My teacher used the sign [tex] \wedge [/tex], instead of [tex] \vee [/tex], like:

"If [tex]( a \wedge b \wedge \neg c ) \rightarrow Contradiction [/tex], then [tex] a \wedge b \rightarrow c [/tex] must be right."

I feel it is not right.

3. The attempt at a solution

I proved in my replies:

"If you can prove [tex] ( a \wedge b \vee \neg c ) \rightarrow Contradiction [/tex], then
[tex] a \wedge b \rightarrow c [/tex] must be right."

I used the facts in my proof:

[tex] a \wedge \neg b = \neg ( a \rightarrow b ) = ( a \not \rightarrow b ) \not = \neg b \rightarrow \neg a \not = \neg a \not \rightarrow \neg b[/tex]

 

Let's simplify. I know for sure:


[tex]\neg ( a \rightarrow b ) = a \wedge \neg b [/tex]

So

[tex]( a \rightarrow b ) = \neg a \vee b[/tex]

If I want to prove [tex]( a \rightarrow b )[/tex], then the finding [tex] a \wedge \neg b \rightarrow Contradiction[/tex] will prove it. Please, notice that [tex] \neg ( a \rightarrow b ) \rightarrow Contradiction [/tex] because the two statements are equivalent. As [tex] \neg ( a \rightarrow b ) [/tex] and [tex] ( a \rightarrow b ) [/tex] cannot be true at the same time, the conclusion must be valid.


Let's compare its logic to the logic in the case:

We notice that the argument is:
[tex]a \wedge b \rightarrow c = \neg ( a \rightarrow \neg b ) \rightarrow c [/tex]

So [tex] \neg ( \neg ( a \rightarrow \neg b ) \rightarrow c ) \rightarrow Contradiction [/tex] must prove it, by the logic above this reply.

Let's write its part differently:

[tex] \neg ( \neg ( a \rightarrow \neg b ) \rightarrow c ) = \neg ( a \rightarrow \neg b ) \not \rightarrow c = a \wedge b \not \rightarrow c [/tex]

So I need to find that:

[tex] ( a \wedge b \not \rightarrow c ) \rightarrow Contradiction = ( \neg a \vee \neg b \rightarrow \neg c ) \rightarrow Contradiction[/tex]

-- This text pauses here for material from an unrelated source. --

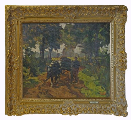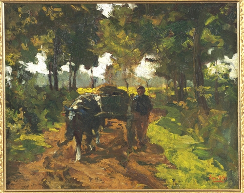 De ossenkar - z.j., olieverf/doek, 45,5 x 56 cm, gesigneerd in rood r.o.: Ern Midy

Let's call [tex] d = \neg a \vee \neg b [/tex]. So

[tex] ( d \rightarrow \neg c ) \rightarrow Contradiction[/tex]

Let's use again:

[tex]( a \rightarrow b ) = \neg a \vee b[/tex]

So it becomes:
[tex] ( d \rightarrow \neg c ) \rightarrow Contradiction = ( \neg d \vee \neg c ) \rightarrow Contradiction [/tex]

It is equivalent to:

[tex] ( a \wedge b \vee \neg c ) \rightarrow Contradiction [/tex]

Conclusion

My teacher probably had something wrong. It should be right:

[tex] ( a \wedge b \vee \neg c ) \rightarrow Contradiction [/tex]

 

New Problem

Prove [tex] a \vee b \rightarrow c [/tex]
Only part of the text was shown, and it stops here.